Interpersonal skills: “Possibly one of the most necessary elements of the job and this is where I feel designers often fall down. Some good designers find it hard to talk to those who do not understand what it is that they are trying to say—they get both frustrated and irritated and this comes across”.
Patience: “Because it is a very frustrating job…certainly in my experience. Mainly because my role has not been in place before and there is an awful lot of resistance to ‘another process’. The only way you can prove to them is to do it and this takes patience as the results are not immediate”.
Flexible yet prepared to be firm: “Must be able to give when it is appropriate to give and be hard line when you need to be hard line, it is being able to identify where you need to put your foot down and where you need to stand back”.
An eye for design: “I have an assistant working for me who is not a designer but she has a very good eye for design, so I can see how an individual can do the job without being a designer…although she does not possess practical design skills she has a very good eye for design and an appreciation of the process and an understanding of where creativity starts and stops and where pragmatism and logic comes in”.
Natural Ability: “There are elements of natural ability which are essential and you cannot create—and these would be an eye for creativity and an eye for design; if you haven’t got that, any amount of understanding processes and all that sort of thing is just not going to get anywhere”…“Clearly, when interviewing—you need to see something that gives you that comfort factor that they have an eye for design”.
Definition of Design Management: “For me design is communication and as Design Manager you are the custodian of the visual communication to the customer”..“Basically you are responsible for maintaining the consistency of the communication output to the customer”…“It is not just paper based—it is the entire question of how we communicate to our customer”.

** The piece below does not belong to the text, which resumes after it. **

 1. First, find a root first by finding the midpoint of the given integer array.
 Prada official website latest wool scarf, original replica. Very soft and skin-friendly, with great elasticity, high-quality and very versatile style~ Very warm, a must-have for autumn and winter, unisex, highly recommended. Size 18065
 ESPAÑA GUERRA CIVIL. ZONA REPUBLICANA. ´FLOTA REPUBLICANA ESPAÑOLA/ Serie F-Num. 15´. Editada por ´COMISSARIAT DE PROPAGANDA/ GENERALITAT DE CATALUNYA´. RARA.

Case study No 3 Clare Newton, The Chase
Background
Clare began work as a Design Manager for ‘The Chase’ in 1996 and she is one of four Design Managers within the Consultancy, having originally studied for a degree in Design and Technology which involved a quite practical approach to design—focusing upon graphic and furniture design; with additional elements such as Silversmithing.

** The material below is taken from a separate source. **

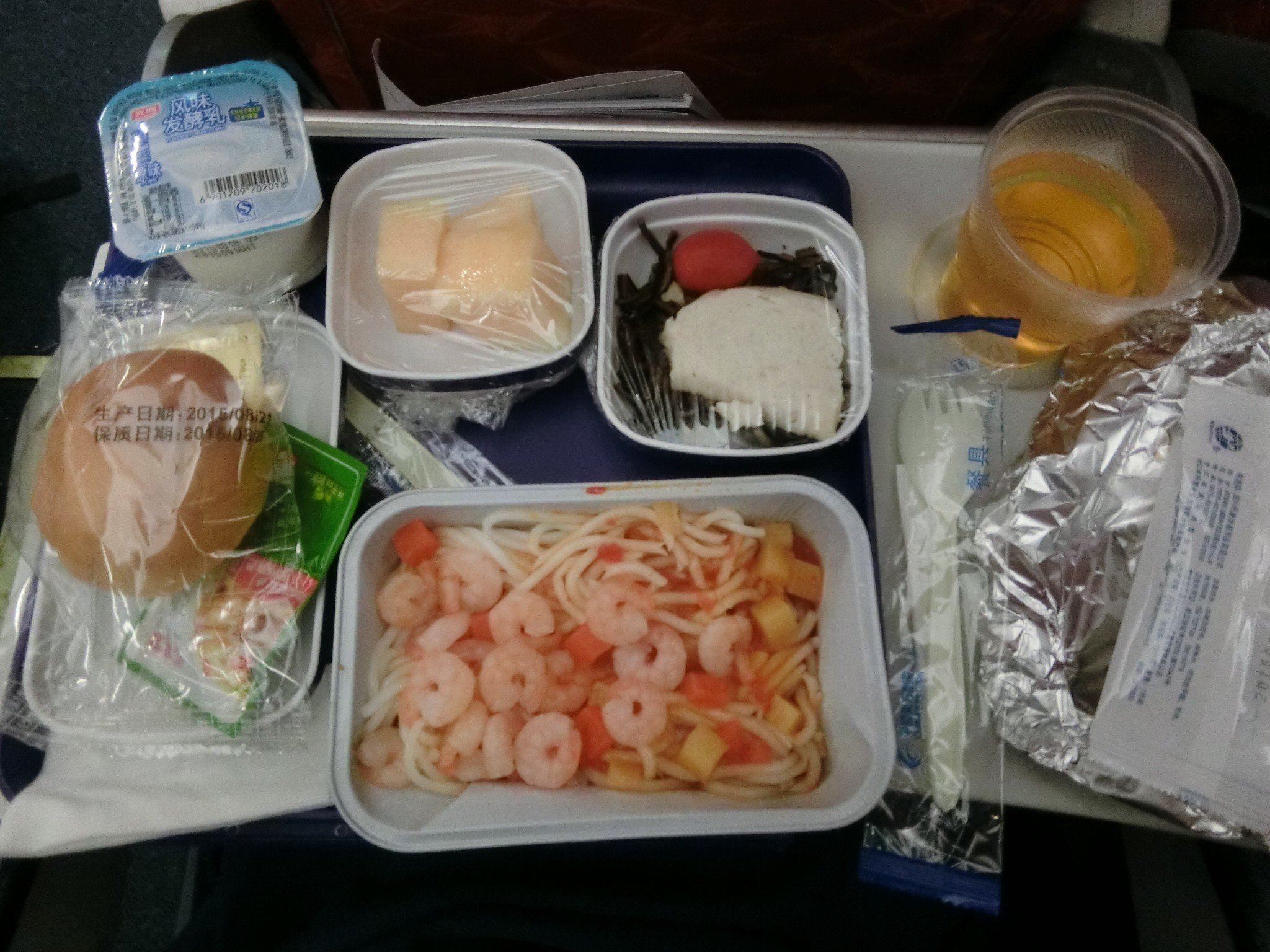 终于登机,东航国际航线的飞机餐还可以吧,这个虾仁面我觉得超级好吃啊,主要是辣酱拌的,反正我是全部吃完了。

As a graduate she began work in a very small publishing company as a Mac operator and typesetter. Although she was involved in page layout it was “very crafted typesetting, rather than graphic design”. Within this same company she was promoted to the role of Studio Manager where her role lay in over seeing the work on the printing press, along with the activities of the designers. She was responsible for the work of four designers, two of which were juniors, and a copywriter—making sure schedules were devised, work was completed on time and to a high standard.
From this role she then joined a company called ‘ADS’ in Piccadilly which specialised in Telemarketing but which had an art work division. Clare worked as
‘Account Handler’ although she relied on her own skills as this post was the first of
its kind within the company. A far more sound grounding in this role was gained when she began work at U.A. Simmons—an Advertising agency, also in Manchester. Working within a far more structured design studio she was taught a number of skills from handling clients effectively to general administration and paperwork skills. Clare then moved to ‘The Chase’ as Design Manager.
A total of twenty seven people work at ‘The Chase’ and these people are divided into three teams each comprised of one or two Senior Designers, a Creative Director, Junior Designers, a Team Leader and a Design Manager (of which there are four in total).
The teams themselves are client based and work with specific clients; Alison’s team being primarily responsible for the Co-op bank, along with a few very much smaller clients.